Grid Dynamics (4.1/5) is the better choice when enterprises needing SEC-level financial transparency and public-company compliance alongside AI/ML delivery at scale.. If your situation matches those criteria, Grid Dynamics is a competitive option.
Related comparisons
Quantiphi vs Grid Dynamics FAQ
Is Quantiphi better than Grid Dynamics?
Quantiphi (4.4/5) scores higher overall, but "better" depends on your use case. Quantiphi is better for enterprises, especially in financial services, needing AI delivery at scale with strong cloud-native ML platform engineering.. Grid Dynamics is better for enterprises needing SEC-level financial transparency and public-company compliance alongside AI/ML delivery at scale..
How do Quantiphi and Grid Dynamics differ in pricing?
Quantiphi uses fixed project and managed ai services pricing with a minimum engagement of Not published. Grid Dynamics uses fixed project and managed engineering services pricing with a minimum engagement of Not published. Neither firm publishes a full rate card; a discovery call is required for project-specific quotes.
Which is better for enterprise: Quantiphi or Grid Dynamics?
Quantiphi is the larger team and typically the better enterprise-scale choice. For very large programmes, verify team size and compliance coverage directly with each agency before shortlisting.

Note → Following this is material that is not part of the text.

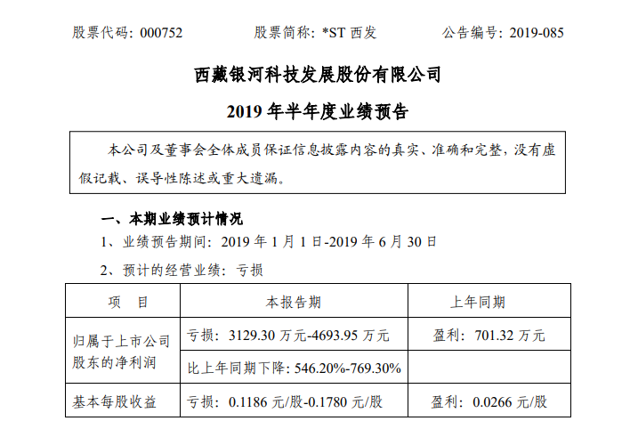新京报讯(记者 王子扬)7月14日晚间,拉萨啤酒母公司西藏银河科技发展股份有限公司(简称“*ST西发”)发布业绩预告显示,今年上半年净利润为亏损3129.30万元至4693.95万元,同比下降546.20%至769.30%,而去年同期净利润为701.32万元。根据*ST西发的解释,此次净利润下跌主要与之前的借款和违规开出的商业承兑汇票有关。其子公司拉萨啤酒的营收、净利润也同比下降。
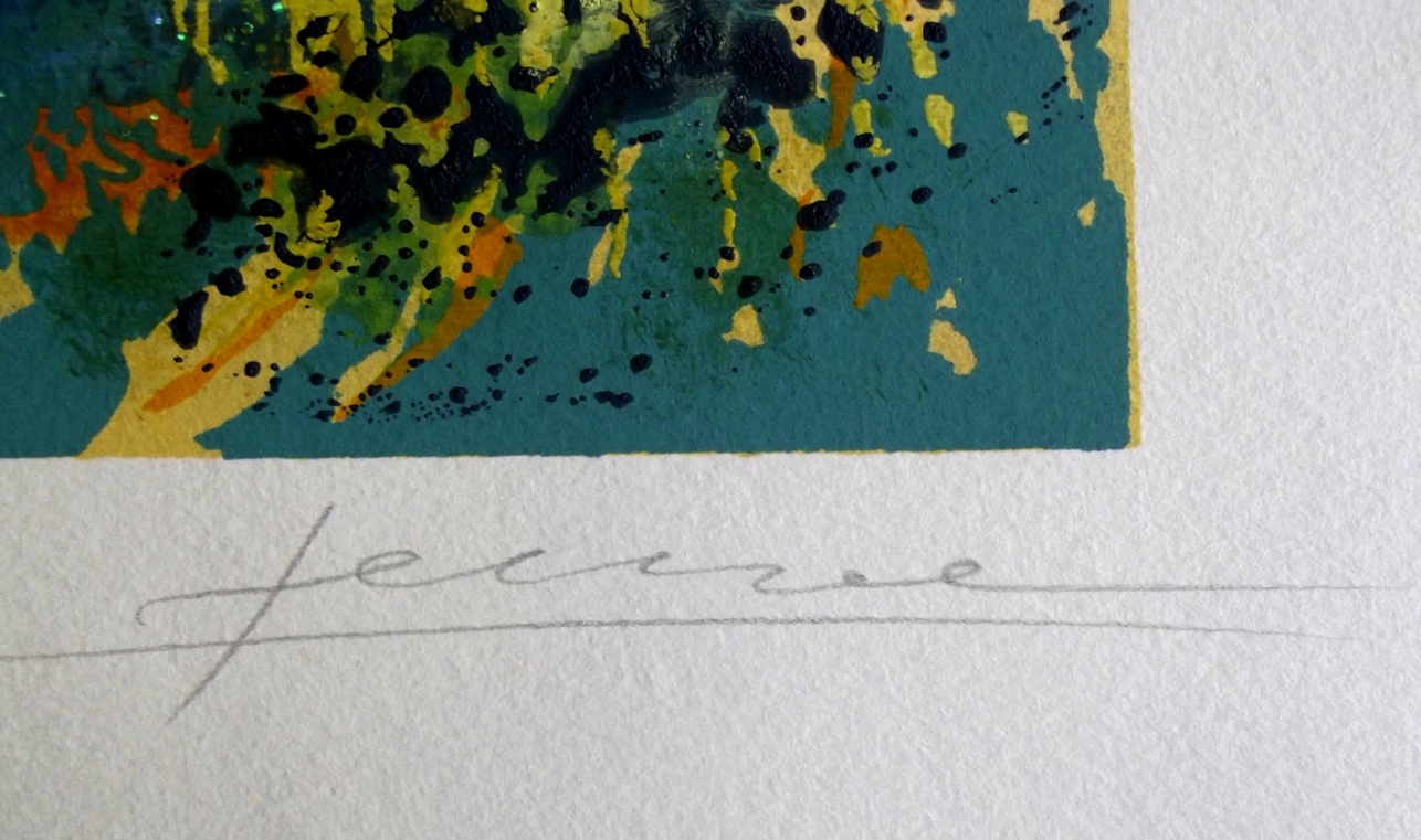 Grafica policromatica del pittore MARCO PESSA. Copy 63/150. 24 x 37 cm.

What are the main differences between Quantiphi and Grid Dynamics?
Quantiphi's primary differentiator is: ai-native firm that reached enterprise scale (2,600+ employees) without pivoting from generalist it outsourcing.. Grid Dynamics's primary differentiator is: nasdaq-listed public company (gdyn) with sec-filed financials, offering procurement transparency few competitors match.. They also differ in team size (1,001–5,000 vs 1,001–5,000), minimum engagement (Not published vs Not published), and primary industries served (Financial Services, Healthcare vs Retail, Technology/SaaS).
Last reviewed: July 2026. Verify all details directly with each agency before making a decision.